The routine of owners crying about being in the poorhouse due to players getting too large a cut of the revenue pot has grown stale. After all, it was the owners that implemented a salary cap following the lockout back in 2004-05 to give every team an opportunity to be on the same level playing field. Instead, it seems that the ownership groups haven’t grasped that concept, as they continue to shower players with deals that run into double digit years for dollar amounts in the high eight and nine figure amounts over the life of the deal.
How does the NHL plan to cry poverty when it is the ones that own the franchises and giving the go ahead to their respective general managers to make the offers in the first place? It wasn’t that long ago where two or three million dollars was the top end of salaries in the league; today you can’t sign a competent third line player for that amount of money. While it’s easy to point fingers at the players for their inherent greed and inflating the prices of free agents and entry level players on the market, one has to take into consideration that the players aren’t the ones paying the salaries to begin with. They’re merely attempting to leverage as much money as possible to be financially secure for their post-playing days.

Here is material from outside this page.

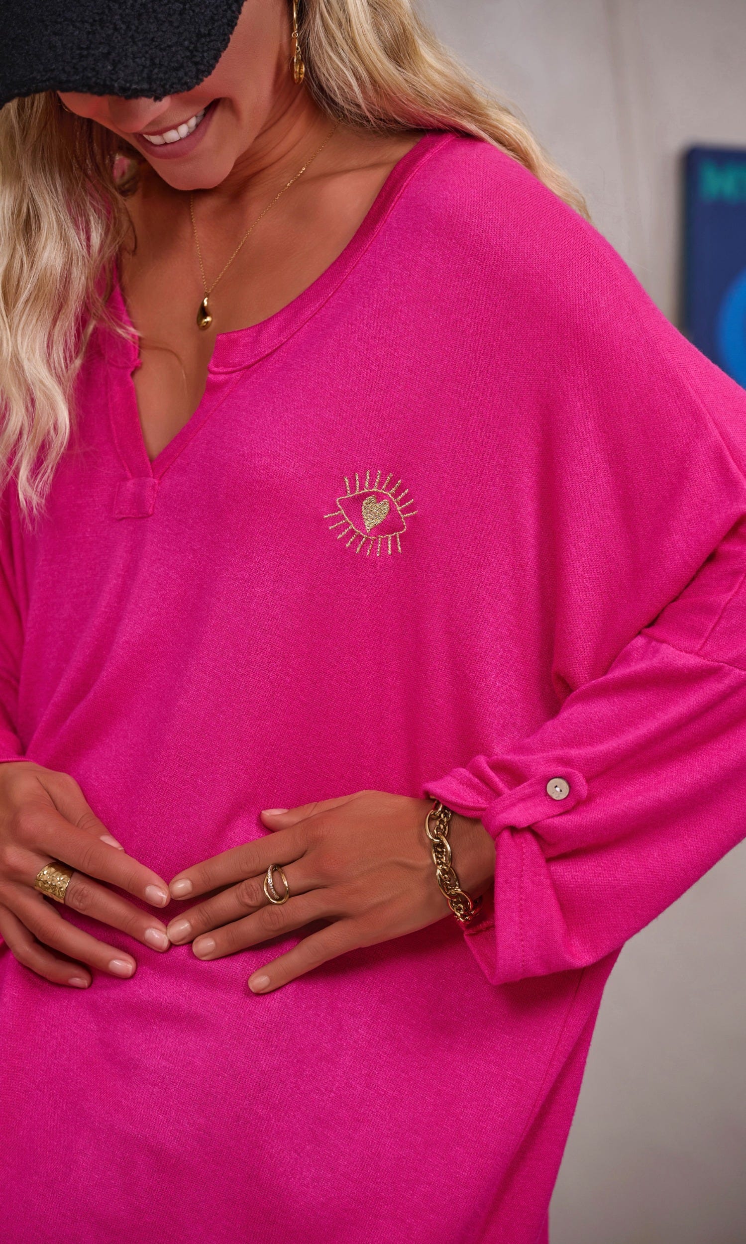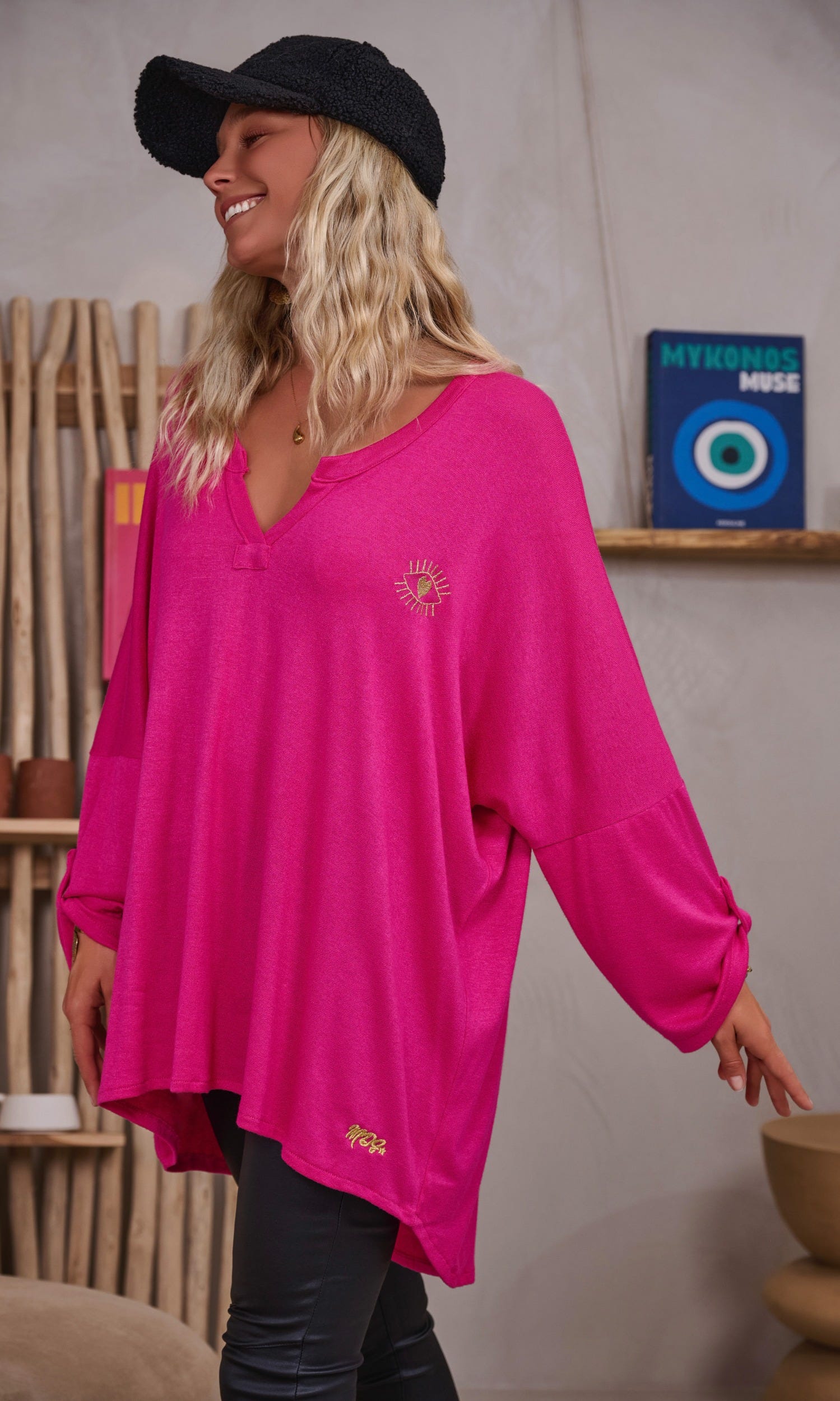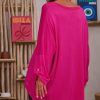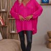 Découvrez notre tunique rose fuchsia en maille doudou, au style loose et oversize.

The NHL is at a dangerous crossroads at this point in time. The league, though revenues and such are up, has still not fully recovered from the fallout that came with the last lockout. To have a second one in less than a decade, especially coming on the heels of both the NFL and NBA having labor issues in the past year, has the potential to be devastating to the league as a whole, small market teams and especially Gary Bettman. His confidence level will flatline should there be any sort of holdup whatsoever regarding the 2012-13 season.

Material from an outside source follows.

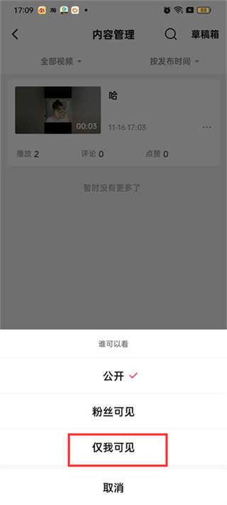 5、最后点击谁可以看到之后会有三个选项公开、粉丝可见和仅我可见,最后只需要点击【仅我可见】即可;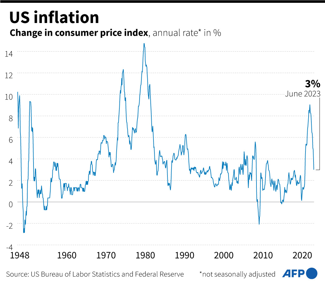 WASHINGTON, July 28, 2023 (AFP) – WASHINGTON, July 28, 2023 (AFP) – A key indicator of US inflation cooled in June to the lowest annual rate in over two years, although this remains above the central bank’s target, according to government data released Friday.

What’s the solution? It’s simple: institute a cap and FORCE the owners to work within the parameters of it. No more stashing of veterans on minor league teams so their salaries don’t count against the cap, no more of the ridiculously long contracts. Paying players until they are in their late 30s or early 40s in order to try and decrease the annual cap hit is merely circumvention of the rules in play. There has to be some accountability for the rampant escalation of contract figures and it has to start somewhere. In this case, it would be at the feet of ownership, not the members of the NHLPA.

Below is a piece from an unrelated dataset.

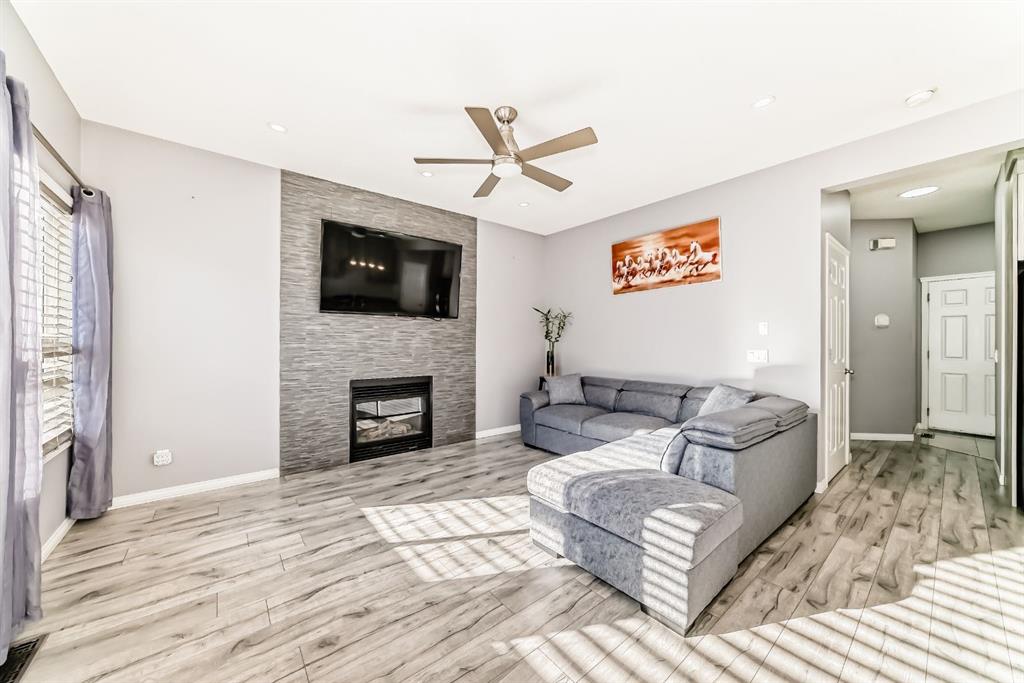 Welcome to this beautifully upgraded home located on a quiet street in the heart of Saddleridge. Thoughtfully designed with functionality and comfort in mind, this home offers an open-concept layout featuring 9 ft ceilings on the main floor, a spacious great room with a cozy gas fireplace, and a main floor laundry for added convenience.

With savvy minds and constructive negotiations that benefit both sides, there is no reason that this can’t be resolved amicably and have the 2012-13 season go off without a hitch. Should there be the typical negotiations that go on where ownership insistently attempts to slam a square peg into a round hole, it may be a while before we see hockey again. In the United States, where the NHL is a distant fourth among the four major professional sports leagues, that’s akin to a death knell.
Let’s hope that Bettman and company learned from the first round that cost us a season eight years ago. If they haven’t and history repeats itself, don’t put the blame on the players and Donald Fehr. Instead, look at the ones who sign the checks.